Willi Schröder

Personal information
- Date of birth: 28 December 1928
- Place of birth: Berlin, Germany
- Date of death: 20 October 1999 (aged 70)
- Place of death: Bremen, Germany
- Height: 1.69 m (5 ft 7 in)
- Position: Forward

Youth career
- 0000–1946: Blau-Weiß Berlin

Senior career*
- Years: Team / Apps / (Gls)
- 1946–1953: ATSV 1860 Bremen /  / (90+)
- 1954–1963: Werder Bremen / 295 / (132)
- 1963–1965: Bremerhaven 93
- Total:  / 295+ / (222+ )

International career
- West Germany amateur / 7 / (6)
- West Germany B / 7 / (5)
- 1951–1957: West Germany / 12 / (3)

= Willi Schröder =

German footballer (1928–1999)

Willi Schröder (28 December 1928 – 20 October 1999) was a German footballer who played as a forward.

== Club career ==
Schröder was a member of the 1961 Werder Bremen DFB-Pokal winning squad. It was Werder Bremen's first DFB-Pokal win, and earned them a spot as a charter member of the newly reformed Bundesliga.

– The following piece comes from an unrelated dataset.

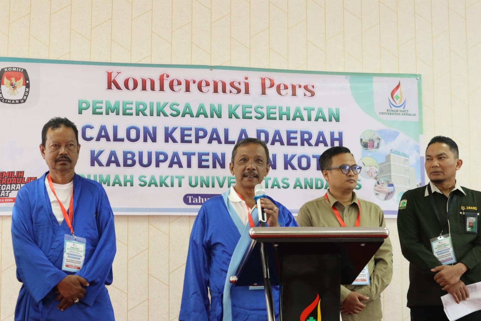Bacalon Kepala Daerah ( Bacakada ) Bupati dan Wakil Bupati Pasaman Mara Ondak dan Desrizal laksanakan tahapan PKPU Nomor 8 Tahun 2024 tentang pemeriksaan Kesehatan di Rumah Sakit Universitas Andalas Padang, Senin (02/09/2024).

Schröder played 54 games and scored 20 goals as a midfielder for Werder Bremen in the then Oberliga Nord for three seasons from 1960 to 1963. He also played 14 games with three goals as a striker in the Regionalliga Nord for TuS Bremerhaven 93 in 1963–64.

== International career ==
Schröder also had 12 career caps in international play for the West Germany national team, with three goals. He was part of the West German squad at the 1952 Summer Olympics.